Rachel Reeves: ‘My hon. Friend is a good advocate for businesses, including Alexander Dennis in Scarborough. The Government will soon publish a new national procurement policy statement, which will set out our priorities for public procurement in support of our mission to grow the economy. In addition to the answer I gave my hon. Friend the Member for Stoke-on-Trent North (David Williams), we recognise the importance of buses in growing our economy by getting people to work, but also the opportunities to use public procurement to buy more buses made in this country, supporting good jobs here in Britain.’
And from this local news source (4 April 2025): https://www.thisisthecoast.co.uk/news/local-news/uk-mayors-being-urged-to-buy-scarborough-buses/
‘UK Mayors Being Urged to Buy Scarborough Buses’: ‘Mayor’s across the UK are being urged to buy British buses when they look at moving to franchised bus systems. Many of the newly created regional Mayors have powers over public transport and many are looking at franchising models to provide more integrated transport systems.
‘Scarborough Councillor Liz Colling drew attention to the town’s own bus manufacturer during a discussion with the Chief Exec of the York and North Yorkshire Mayoral authority – James Farrar.

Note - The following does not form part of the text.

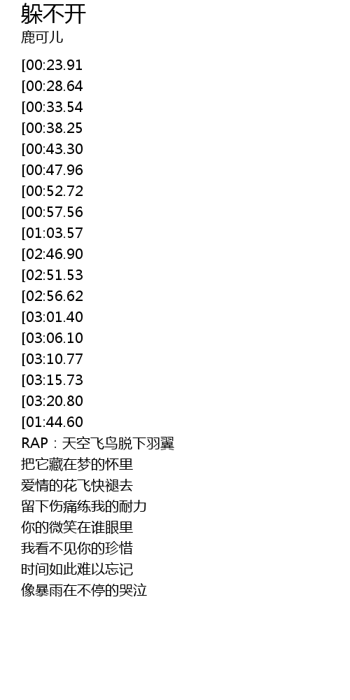| [01:45.65] | RAP:天空飞鸟脱下羽翼 |

‘In January Alison Hume, the Member of Parliament for Scarborough and Whitby pressed the chancellor on whether the Government will “back British companies such as Scarborough’s Alexander Dennis to boost economic growth” through the use of public procurement. The company, which is a major employer in Scarborough, is the world’s largest manufacturer of double-decker buses and is Britain’s biggest bus builder. James Farrar says local manufacturers are being considered in the conversations.’
On October 9 2024 the same local news source had this headline: ‘MP Watching Developments at Whitby Mine and Scarborough Bus Firm’. It includes this extract from a statement from Alexander Dennis:
‘The company’s investment in people, products and facilities, as well as those made by other UK manufacturers to strengthen the domestic manufacturing base are currently not honoured by government policies that would reward the higher wages paid and better employment rights offered in the UK. Companies have been put at a disadvantage by policies that actively underpin and encourage an uneven playing field working against British bus manufacturers. (my emphasis)
‘Import duties are often used to incentivise investment in domestic products and jobs, ensuring they are not undercut by lower-paying and lower-security roles elsewhere, yet the 10% tariff applied to electric buses is even lower than the 16% rate for equivalent diesel vehicles. While many countries increasingly employ trade remedy measures to promote domestic manufacturing industries, there is yet to be any such action in the UK.
‘Despite various stated political ambitions to support local businesses, supply chains and communities, authorities are prevented from considering such wider benefits due to the subsidy control legal framework, underpinned by the Subsidy Control Act 2022. This sets out requirements and prohibitions which include an inability to grant subsidy that gives any additional consideration or weighting to domestic manufacturers over any non-domestic provider.’ (This is Westminster legislation applying across the UK.)
The statement goes on: ‘In Scotland, UK-based vehicle manufacturers are at an additional disadvantage when in direct or indirect receipt of Scottish Government funding as they must adhere to advanced Fair Work First standards of employee remuneration, welfare and safety, while no such requirement is made of suppliers whose production takes place in other countries. Neither are bus operators incentivised or rewarded for choosing companies that meet Fair Work First standards when funding is awarded. This not only puts domestic manufacturers at further competitive disadvantage, but also undermines the value of this flagship policy as government-funded work is shipped offshore.”
So in England, Alexander Dennis does NOT have to ‘adhere to (such) advanced Fair Work standards’?